**WORK ORDER**
Word for word, repeat the data; no picture should appear in the result.

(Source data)
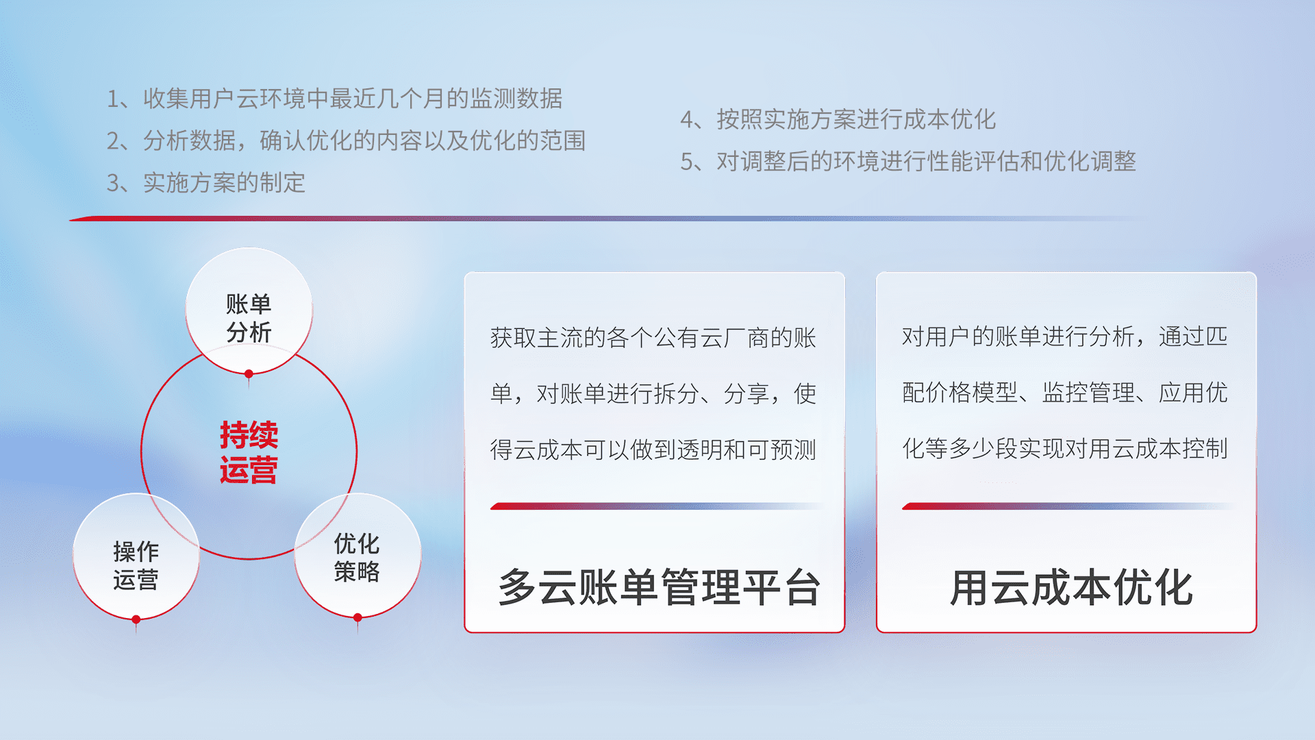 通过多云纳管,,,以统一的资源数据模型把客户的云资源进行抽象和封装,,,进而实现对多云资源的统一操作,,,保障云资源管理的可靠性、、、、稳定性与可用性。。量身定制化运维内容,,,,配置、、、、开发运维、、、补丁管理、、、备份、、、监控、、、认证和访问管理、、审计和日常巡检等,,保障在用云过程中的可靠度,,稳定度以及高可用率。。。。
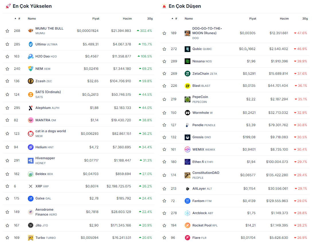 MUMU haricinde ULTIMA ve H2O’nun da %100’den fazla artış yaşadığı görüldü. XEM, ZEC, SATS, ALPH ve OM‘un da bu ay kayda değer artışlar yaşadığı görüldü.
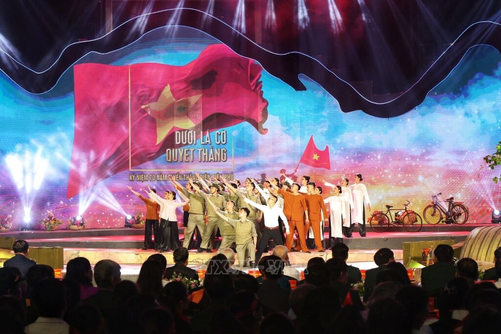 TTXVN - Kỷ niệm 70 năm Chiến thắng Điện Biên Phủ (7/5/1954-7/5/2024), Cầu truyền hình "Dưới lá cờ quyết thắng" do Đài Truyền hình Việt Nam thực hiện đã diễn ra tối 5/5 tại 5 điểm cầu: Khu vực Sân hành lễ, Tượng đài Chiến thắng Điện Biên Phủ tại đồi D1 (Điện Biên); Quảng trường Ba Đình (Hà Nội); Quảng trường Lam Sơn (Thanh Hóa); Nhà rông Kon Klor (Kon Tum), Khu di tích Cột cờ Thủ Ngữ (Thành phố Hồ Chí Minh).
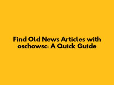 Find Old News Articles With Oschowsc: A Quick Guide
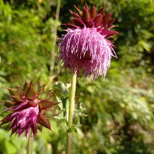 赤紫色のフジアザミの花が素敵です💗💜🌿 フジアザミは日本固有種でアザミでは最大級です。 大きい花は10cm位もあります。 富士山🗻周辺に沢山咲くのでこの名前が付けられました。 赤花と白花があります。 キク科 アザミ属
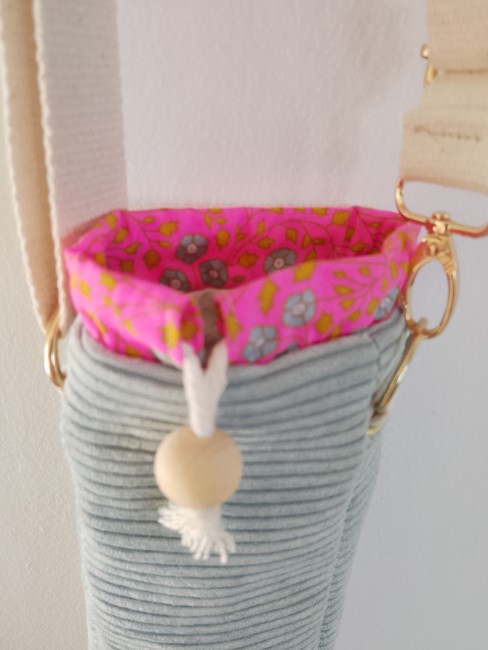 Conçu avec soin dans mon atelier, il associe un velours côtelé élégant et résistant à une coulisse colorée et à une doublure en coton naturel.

**EXERCISE SOLUTION**
 通过多云纳管,,,以统一的资源数据模型把客户的云资源进行抽象和封装,,,进而实现对多云资源的统一操作,,,保障云资源管理的可靠性、、、、稳定性与可用性。。量身定制化运维内容,,,,配置、、、、开发运维、、、补丁管理、、、备份、、、监控、、、认证和访问管理、、审计和日常巡检等,,保障在用云过程中的可靠度,,稳定度以及高可用率。。。。
 MUMU haricinde ULTIMA ve H2O’nun da %100’den fazla artış yaşadığı görüldü. XEM, ZEC, SATS, ALPH ve OM‘un da bu ay kayda değer artışlar yaşadığı görüldü.
 TTXVN - Kỷ niệm 70 năm Chiến thắng Điện Biên Phủ (7/5/1954-7/5/2024), Cầu truyền hình "Dưới lá cờ quyết thắng" do Đài Truyền hình Việt Nam thực hiện đã diễn ra tối 5/5 tại 5 điểm cầu: Khu vực Sân hành lễ, Tượng đài Chiến thắng Điện Biên Phủ tại đồi D1 (Điện Biên); Quảng trường Ba Đình (Hà Nội); Quảng trường Lam Sơn (Thanh Hóa); Nhà rông Kon Klor (Kon Tum), Khu di tích Cột cờ Thủ Ngữ (Thành phố Hồ Chí Minh).
 Find Old News Articles With Oschowsc: A Quick Guide
 赤紫色のフジアザミの花が素敵です💗💜🌿 フジアザミは日本固有種でアザミでは最大級です。 大きい花は10cm位もあります。 富士山🗻周辺に沢山咲くのでこの名前が付けられました。 赤花と白花があります。 キク科 アザミ属
 Conçu avec soin dans mon atelier, il associe un velours côtelé élégant et résistant à une coulisse colorée et à une doublure en coton naturel.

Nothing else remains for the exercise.